:: Provided records ::
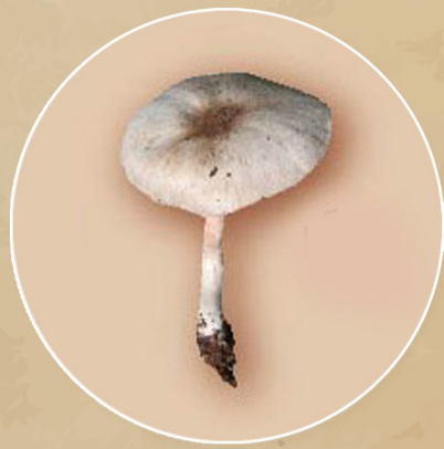
เห็ดคล้ายเห็ดโคน
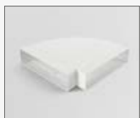
90° 218x55 mm KIT0121016
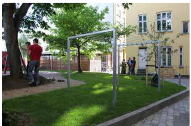
Inspiration til den fremtidige gårdhave
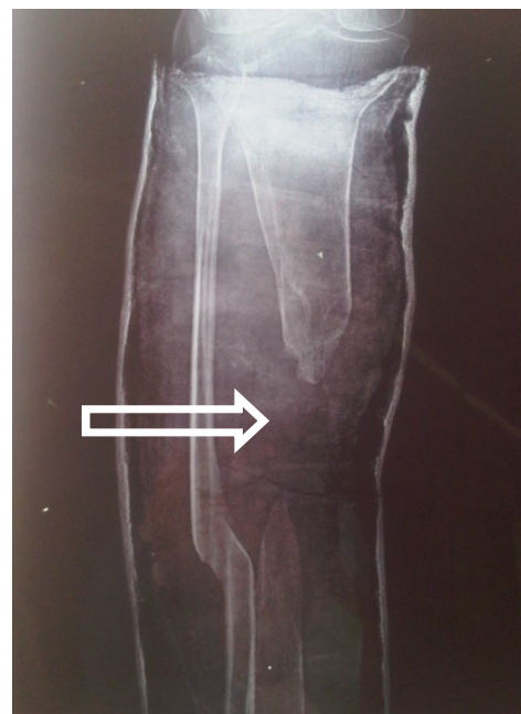
Figura 1. Rx Ap de tibia. Flecha Defecto óseo de 1/3 medio con proximal de tibia con angulación del fragmento proximal y pseudoartrosis en punta de tibia en ambos extremos.

El paciente acude a nuestra consulta en Centro Clínico la Isabelica en febrero de 2012, al examen físico se evidencia deformidad de pierna derecha en recurvatum de 30 grados, hundimiento por defecto óseo de 1/3 medio de tibia derecha, no se encontró lesiones nerviosas periféricas, debilidad muscular II/V con respecto a su lado contralateral, trastornos tróficos en piel sin úlceras o fistulas activas, acortamiento de 8 cm en miembro inferior derecho sin inmovilización y se solicitó radiología (Rx) Anteroposterior (Ap) y lateral de pierna derecha, evidenciándose defecto óseo extenso por pérdida de aproximadamente 10 cm de 1/3 medio con proximal de tibia (Figura 1).
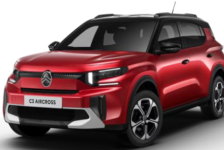
VHM0 – Rdeča Elixir
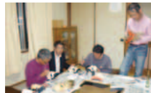
神楽面づくりによる地域活性化事業 (出部地区)
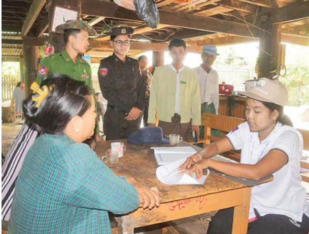
တောင်တွင်းကြီးမြို့နယ်၌ ၂၀၂၄ ခုနှစ် လူဦးရေနှင့် အိမ်အကြောင်းအရာ သန်းခေါင်စာရင်းကောက်ယူစဉ်။
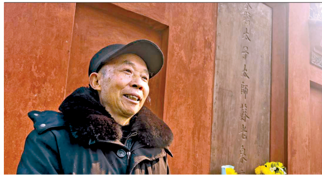
▲每一块碑，每一处景，每一个字，陶宗勤都能如数家珍。
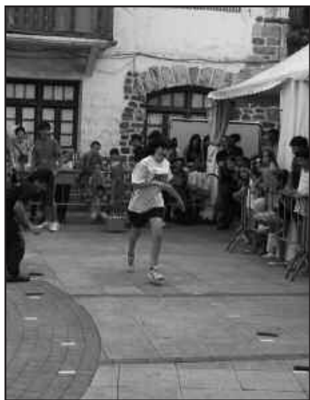
AUZOTARREN ARTEKO JOKOETAN OSO GUSTURA IBILI ZIREN GAZTEAK.
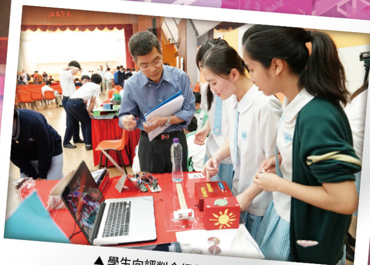
▲學生向評判介紹作品

透過參加這次比賽，我清晰地明白地震探測的基本原理。在製作過程中，我們經歷了無數次失敗，但從沒放棄，從失敗中吸取教訓，最終我們完成了作品。
:::
Once the pictures are dropped, please print every remaining line of the material verbatim.

เห็ดคล้ายเห็ดโคน
90° 218x55 mm KIT0121016
Inspiration til den fremtidige gårdhave
Figura 1. Rx Ap de tibia. Flecha Defecto óseo de 1/3 medio con proximal de tibia con angulación del fragmento proximal y pseudoartrosis en punta de tibia en ambos extremos.

El paciente acude a nuestra consulta en Centro Clínico la Isabelica en febrero de 2012, al examen físico se evidencia deformidad de pierna derecha en recurvatum de 30 grados, hundimiento por defecto óseo de 1/3 medio de tibia derecha, no se encontró lesiones nerviosas periféricas, debilidad muscular II/V con respecto a su lado contralateral, trastornos tróficos en piel sin úlceras o fistulas activas, acortamiento de 8 cm en miembro inferior derecho sin inmovilización y se solicitó radiología (Rx) Anteroposterior (Ap) y lateral de pierna derecha, evidenciándose defecto óseo extenso por pérdida de aproximadamente 10 cm de 1/3 medio con proximal de tibia (Figura 1).
VHM0 – Rdeča Elixir
神楽面づくりによる地域活性化事業 (出部地区)
တောင်တွင်းကြီးမြို့နယ်၌ ၂၀၂၄ ခုနှစ် လူဦးရေနှင့် အိမ်အကြောင်းအရာ သန်းခေါင်စာရင်းကောက်ယူစဉ်။
▲每一块碑，每一处景，每一个字，陶宗勤都能如数家珍。
AUZOTARREN ARTEKO JOKOETAN OSO GUSTURA IBILI ZIREN GAZTEAK.
▲學生向評判介紹作品

透過參加這次比賽，我清晰地明白地震探測的基本原理。在製作過程中，我們經歷了無數次失敗，但從沒放棄，從失敗中吸取教訓，最終我們完成了作品。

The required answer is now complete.